• [Requirement]
Reproduce every line of the material below exactly. No pictures belong in the copy.
◇ ◇ ◇ ◇ ◇ ◇ ◇
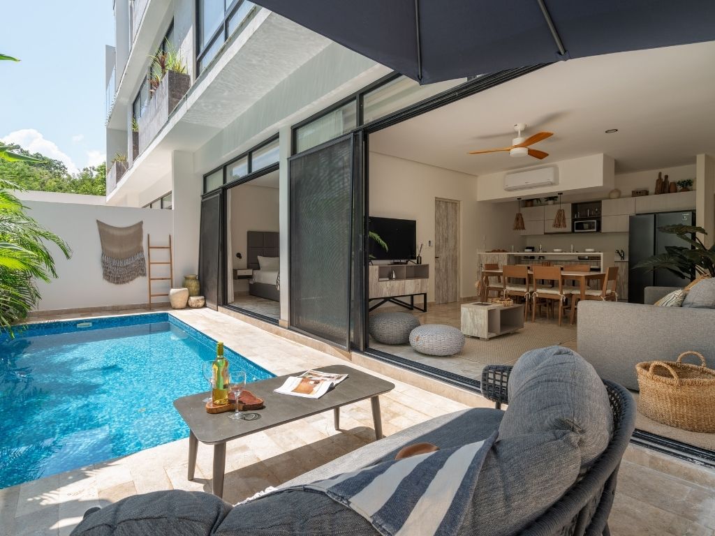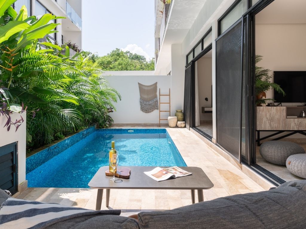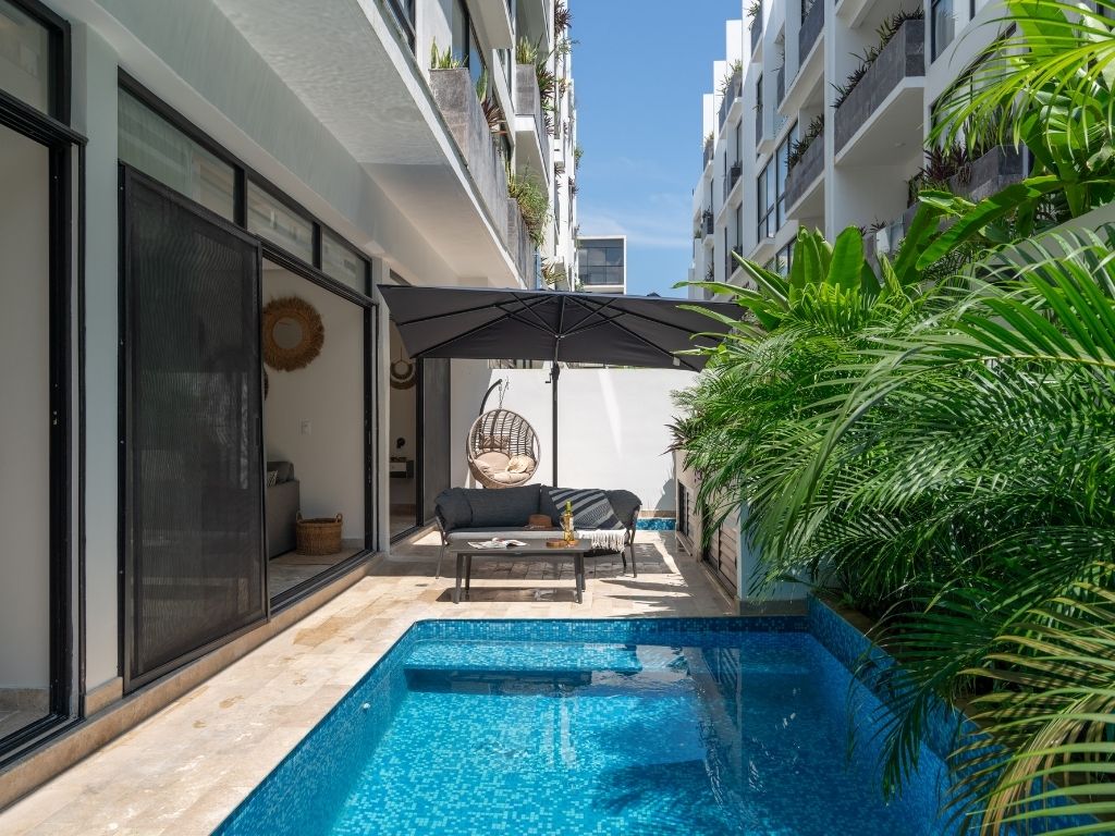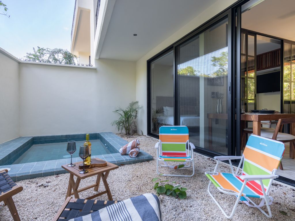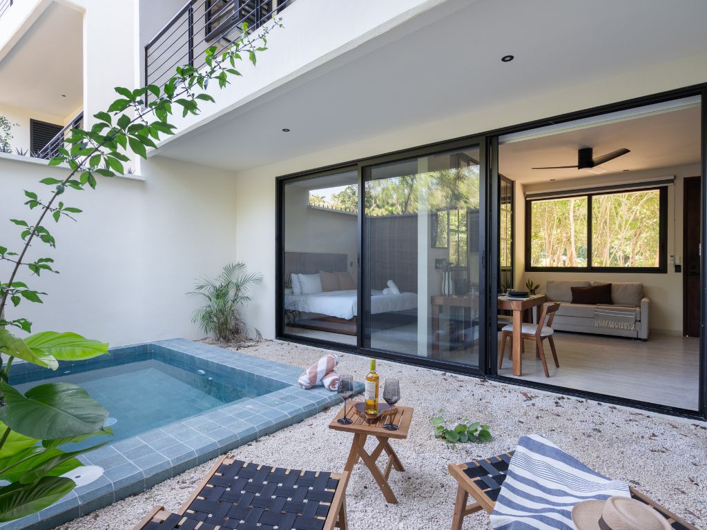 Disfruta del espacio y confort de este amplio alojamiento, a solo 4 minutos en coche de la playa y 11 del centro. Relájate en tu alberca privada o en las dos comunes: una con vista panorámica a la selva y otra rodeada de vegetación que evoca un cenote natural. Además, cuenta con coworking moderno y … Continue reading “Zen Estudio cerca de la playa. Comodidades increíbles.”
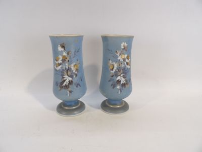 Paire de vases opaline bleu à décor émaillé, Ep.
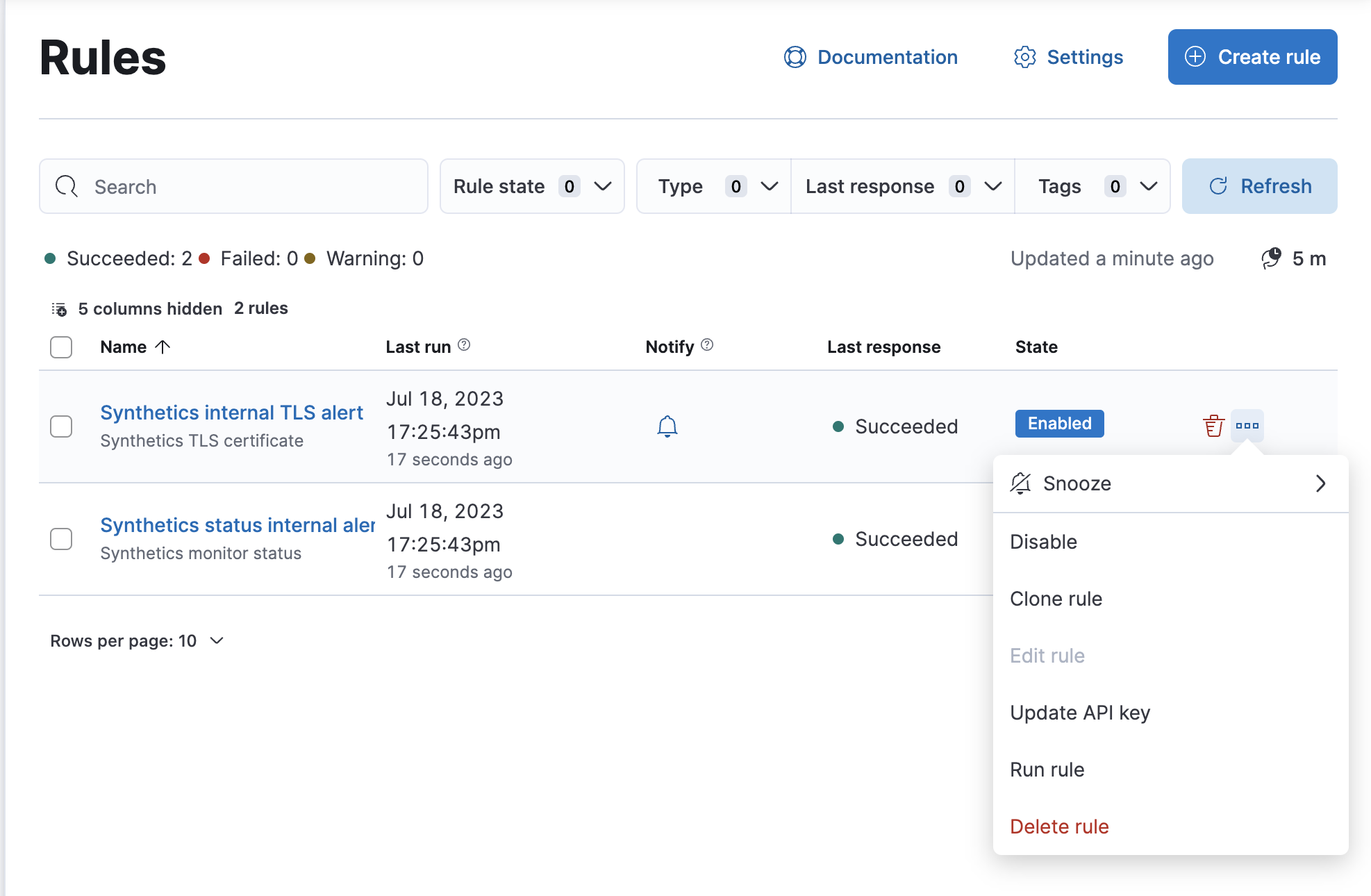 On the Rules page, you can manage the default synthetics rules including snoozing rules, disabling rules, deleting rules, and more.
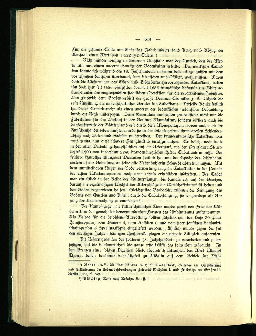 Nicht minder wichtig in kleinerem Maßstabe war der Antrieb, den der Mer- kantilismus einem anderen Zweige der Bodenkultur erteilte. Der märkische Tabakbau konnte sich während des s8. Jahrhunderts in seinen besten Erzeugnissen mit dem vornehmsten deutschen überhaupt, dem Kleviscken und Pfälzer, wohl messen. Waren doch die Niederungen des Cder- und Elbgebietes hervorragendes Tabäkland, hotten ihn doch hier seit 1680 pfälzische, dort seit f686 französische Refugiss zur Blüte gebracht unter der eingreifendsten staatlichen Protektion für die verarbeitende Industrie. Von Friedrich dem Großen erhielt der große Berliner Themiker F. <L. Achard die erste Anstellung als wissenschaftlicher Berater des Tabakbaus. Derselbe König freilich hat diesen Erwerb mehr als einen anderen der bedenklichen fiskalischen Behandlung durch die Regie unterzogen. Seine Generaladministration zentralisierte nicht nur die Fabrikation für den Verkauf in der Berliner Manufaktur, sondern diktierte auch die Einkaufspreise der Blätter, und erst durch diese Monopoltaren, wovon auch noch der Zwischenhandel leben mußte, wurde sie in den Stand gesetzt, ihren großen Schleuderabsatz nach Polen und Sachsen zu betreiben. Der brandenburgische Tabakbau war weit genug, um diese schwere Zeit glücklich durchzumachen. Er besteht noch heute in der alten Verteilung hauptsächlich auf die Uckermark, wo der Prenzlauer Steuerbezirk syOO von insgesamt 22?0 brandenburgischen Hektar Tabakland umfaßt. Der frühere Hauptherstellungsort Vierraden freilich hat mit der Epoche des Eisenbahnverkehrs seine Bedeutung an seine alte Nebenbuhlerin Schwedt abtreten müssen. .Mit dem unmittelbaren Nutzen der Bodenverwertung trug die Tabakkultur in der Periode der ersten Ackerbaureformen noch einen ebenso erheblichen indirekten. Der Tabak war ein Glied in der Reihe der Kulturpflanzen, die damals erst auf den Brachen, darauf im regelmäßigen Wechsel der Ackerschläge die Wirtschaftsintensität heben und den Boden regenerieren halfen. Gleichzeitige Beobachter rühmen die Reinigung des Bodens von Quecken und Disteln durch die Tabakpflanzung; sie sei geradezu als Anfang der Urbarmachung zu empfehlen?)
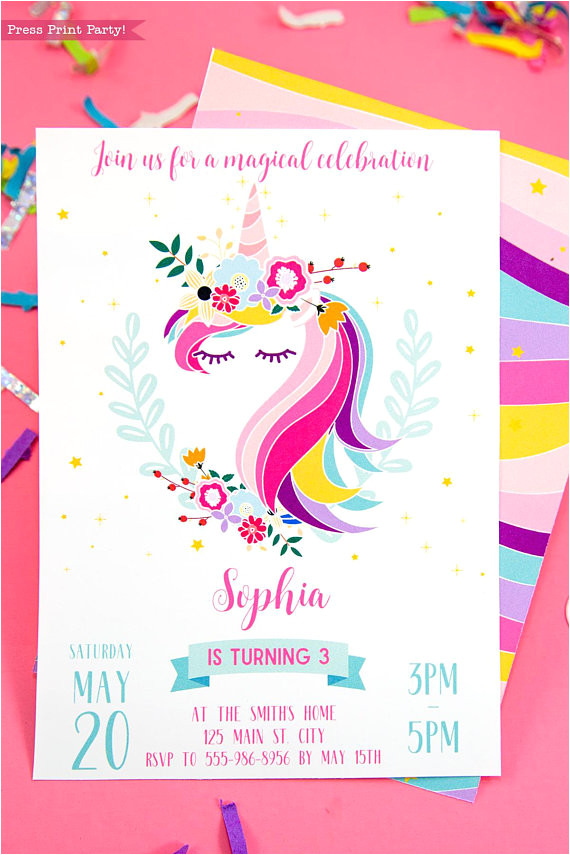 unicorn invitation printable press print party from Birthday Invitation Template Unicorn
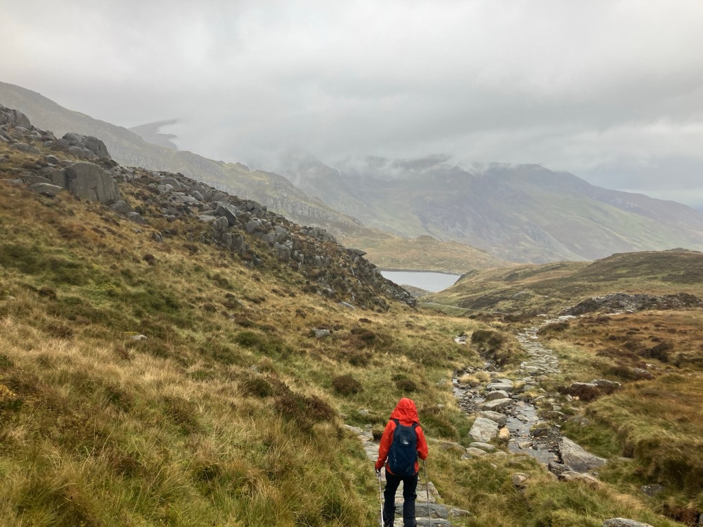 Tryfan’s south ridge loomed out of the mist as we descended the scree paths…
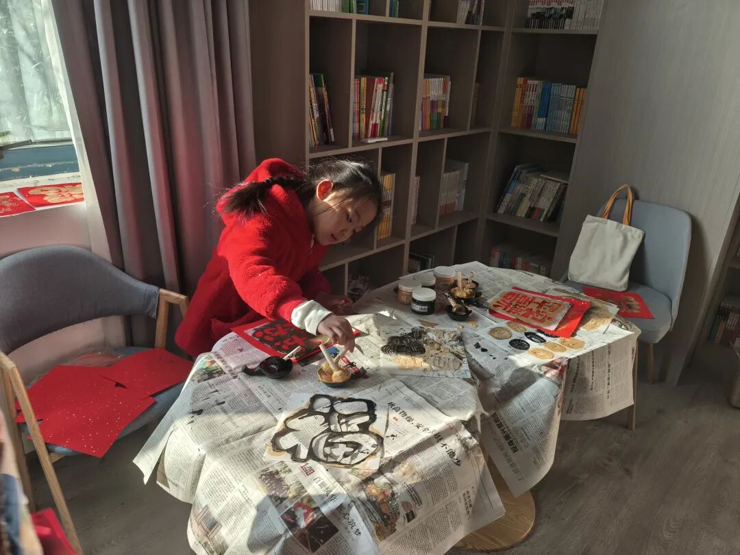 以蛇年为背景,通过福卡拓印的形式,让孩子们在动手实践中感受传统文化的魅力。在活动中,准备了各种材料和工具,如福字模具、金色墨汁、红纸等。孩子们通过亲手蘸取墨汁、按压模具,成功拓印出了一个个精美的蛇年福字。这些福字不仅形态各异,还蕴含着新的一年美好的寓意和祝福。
◇ ◇ ◇ ◇ ◇ ◇ ◇
• [Solution to this exercise]
 Disfruta del espacio y confort de este amplio alojamiento, a solo 4 minutos en coche de la playa y 11 del centro. Relájate en tu alberca privada o en las dos comunes: una con vista panorámica a la selva y otra rodeada de vegetación que evoca un cenote natural. Además, cuenta con coworking moderno y … Continue reading “Zen Estudio cerca de la playa. Comodidades increíbles.”
 Paire de vases opaline bleu à décor émaillé, Ep.
 On the Rules page, you can manage the default synthetics rules including snoozing rules, disabling rules, deleting rules, and more.
 Nicht minder wichtig in kleinerem Maßstabe war der Antrieb, den der Mer- kantilismus einem anderen Zweige der Bodenkultur erteilte. Der märkische Tabakbau konnte sich während des s8. Jahrhunderts in seinen besten Erzeugnissen mit dem vornehmsten deutschen überhaupt, dem Kleviscken und Pfälzer, wohl messen. Waren doch die Niederungen des Cder- und Elbgebietes hervorragendes Tabäkland, hotten ihn doch hier seit 1680 pfälzische, dort seit f686 französische Refugiss zur Blüte gebracht unter der eingreifendsten staatlichen Protektion für die verarbeitende Industrie. Von Friedrich dem Großen erhielt der große Berliner Themiker F. <L. Achard die erste Anstellung als wissenschaftlicher Berater des Tabakbaus. Derselbe König freilich hat diesen Erwerb mehr als einen anderen der bedenklichen fiskalischen Behandlung durch die Regie unterzogen. Seine Generaladministration zentralisierte nicht nur die Fabrikation für den Verkauf in der Berliner Manufaktur, sondern diktierte auch die Einkaufspreise der Blätter, und erst durch diese Monopoltaren, wovon auch noch der Zwischenhandel leben mußte, wurde sie in den Stand gesetzt, ihren großen Schleuderabsatz nach Polen und Sachsen zu betreiben. Der brandenburgische Tabakbau war weit genug, um diese schwere Zeit glücklich durchzumachen. Er besteht noch heute in der alten Verteilung hauptsächlich auf die Uckermark, wo der Prenzlauer Steuerbezirk syOO von insgesamt 22?0 brandenburgischen Hektar Tabakland umfaßt. Der frühere Hauptherstellungsort Vierraden freilich hat mit der Epoche des Eisenbahnverkehrs seine Bedeutung an seine alte Nebenbuhlerin Schwedt abtreten müssen. .Mit dem unmittelbaren Nutzen der Bodenverwertung trug die Tabakkultur in der Periode der ersten Ackerbaureformen noch einen ebenso erheblichen indirekten. Der Tabak war ein Glied in der Reihe der Kulturpflanzen, die damals erst auf den Brachen, darauf im regelmäßigen Wechsel der Ackerschläge die Wirtschaftsintensität heben und den Boden regenerieren halfen. Gleichzeitige Beobachter rühmen die Reinigung des Bodens von Quecken und Disteln durch die Tabakpflanzung; sie sei geradezu als Anfang der Urbarmachung zu empfehlen?)
 unicorn invitation printable press print party from Birthday Invitation Template Unicorn
 Tryfan’s south ridge loomed out of the mist as we descended the scree paths…
 以蛇年为背景,通过福卡拓印的形式,让孩子们在动手实践中感受传统文化的魅力。在活动中,准备了各种材料和工具,如福字模具、金色墨汁、红纸等。孩子们通过亲手蘸取墨汁、按压模具,成功拓印出了一个个精美的蛇年福字。这些福字不仅形态各异,还蕴含着新的一年美好的寓意和祝福。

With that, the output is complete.